Montgomery's algorithm is typically implemented using signle-digit
inverses, but can be expressed using full-width inverses, which lets
you use a subquadratic multiplication algorithm.
(See "Comparison of three modular reduction functions", Antoon
Bosselaers, Rene' Govaerts and Joos Vandewalle, _Advances in Cryptology,
Proc. Crypto '93_, Springer-Verlag, ISBN 3-540-57766-1, ISBN 0-387-57766-1)
The following can be derived (look up "valuations"), but I'm going to
just pull it out of a hat.
First, recall Newton's iteration for finding x = 1/A. Find the root
of f(x) = 1/x - A = 0. The equation to iterate is
x = x - f(x)/f'(x)
= x - (x^-1 - A)/(-x^-2)
= x + x^2 * (x^-1 - A)
= x + x - A*x^2
= 2*x - A*x*x
This is usually applied in the real numbers, but it can be applied in
modular arithmetic as well.
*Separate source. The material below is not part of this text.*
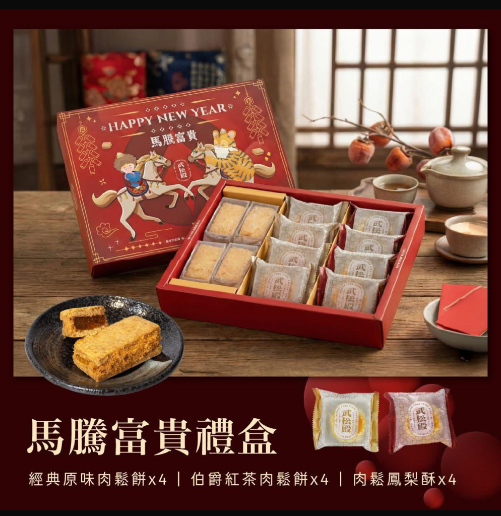 武松殿 2026 新年禮盒 ✦ 用殿堂級的美味 幫你傳遞心意 ✧ 新穎的設計和精緻創新的產品 將滿載的心意用特別的禮盒送給重要的人 👍 台灣肉鬆餅首選品牌 👍 皮1肉鬆9,堅持手工捏製 👍 薄脆餅皮富層次,涮嘴停不下 👍 HACCP與ISO認證烘培廠製作 - 🧨 2026限定新春禮盒 🧨 【馬騰富貴】 新春送禮推薦-肉鬆鳳梨酥! 象徵旺來的鳳梨和代表台灣的肉鬆 酸甜中帶點鹹,驚喜滿分! • 經典原味肉鬆餅4顆 • 伯爵紅茶肉鬆餅4顆 • 肉鬆鳳梨酥4顆 【福馬呈祥】 首推新品-沙茶肉鬆餅! 全新演繹舌尖上的國民美味 將台灣在地美食代表「沙茶」 融入傳統糕餅中,獨一無二的風味 • 經典原味肉鬆餅6顆 • 沙茶肉鬆餅6顆 武松殿-新春禮盒 福馬呈祥(60天) 內容:原味肉鬆餅*6、沙茶肉鬆餅*6 12粒裝 (一箱10盒) (國際條碼:4710588261583) 批 HK$180/盒 建議零售價 Hk$258/盒 武松殿-新春禮盒 馬騰富貴(40天) 內容:原味肉鬆餅*4、伯爵紅茶肉鬆餅*4 肉鬆鳳梨酥*4 12粒裝 (一箱10盒) 📦箱批 $190 散批$195 建議零售價 Hk$278/盒 武松殿-經典原味肉鬆餅(60天) 10粒裝 (一箱20盒) 📦箱批 $205 ⭕️散批$210 建議零售價 Hk$198/盒

In particular, suppose you have an initial
approximation x, such that x*A == 1 (mod m). So write it as follows:
x*A == 1 + k*m
Substituting in the interation, you get
(2*x - A*x*x)*A == 2*x*A - (x*A)^2
== 2 + 2*k*m - (1+k*m)^2
== 2 + 2*k*m - 1 - 2*k*m - k^2*m^2
== 2-1 + 2*k*m-2*k*m - k^2*m^2
== 1 - k^2*m^2
... which is 1, mod m^2.
So one iteration of Newton's method squared the modulus to which the
approximation is accurate! This is particularly useful in finding
multiplicative inverses modulo 2^k, since x = 1 is an initial
approximation that is good to 1 significant bit. You can double the
number of bits each iteration.
Each iteration requires two multiplies, plus some adds, but only the
last iteration need be full-width. Other iterations are half the width
or less. Thus, the total work is less than that of two iterations, or
four multiplies of k bits.
Actually, there is a better starting estimate. For all odd x,
x*x == 1 (mod 8). Modulo 16, it's a bit more awkward, but if you
look at the pattern of inverses in binary:
x x^-1
0001 0001
0011 1011
0101 1101
0111 0111
1001 1001
1011 0011
1101 0101
1111 1111
You can see that x^-1 is either x or x+8, and it's x+8 when the two
middle bits differ. So you can form your initial estimate thus:
x = ((A<<1 ^ A) & 4) << 1 ^ A;
which is good to 4 bits. Using either of these starting values, you
save the first few iterations. Then, working from there, you can
compute an inverse modulo 2^32 of any odd a:
unsigned long
inverse(unsigned long a)
{
unsigned long x = a;
assert((x*a & 0x7) == 1);
x += x - a*x*x;
assert((x*a & 0x3F) == 1);
x += x - a*x*x;
assert((x*a & 0xFFF) == 1);
x += x - a*x*x;
assert((x*a & 0xFFFFFF) == 1);
x += x - a*x*x;
assert((x*a & 0xFFFFFFFF) == 1);
return x;
}
or:
unsigned long
inverse(unsigned long a)
{
unsigned long x = ((a<<1 ^ a) & 4) << 1 ^ a;
assert((x*a & 0xF) == 1);
x += x - a*x*x;
assert((x*a & 0xFF) == 1);
x += x - a*x*x;
assert((x*a & 0xFFFF) == 1);
x += x - a*x*x;
assert((x*a & 0xFFFFFFFF) == 1);
return x;
}
This is considerably simpler than the Extended Euclidean algorithm,
and requires substantially fewer iterations. (See Knuth, section
4.5.3.) The average number of iterations needed to find an inverse
modulo n is 0.843 * ln(n) + 1.47, or 0.584 * log_2(n) + 1.47, so that's
10.8 iterations for 16 bits and 20.2 for 32. This method requires
log_2(log_2(n)) iterations, obviously asymptotically better!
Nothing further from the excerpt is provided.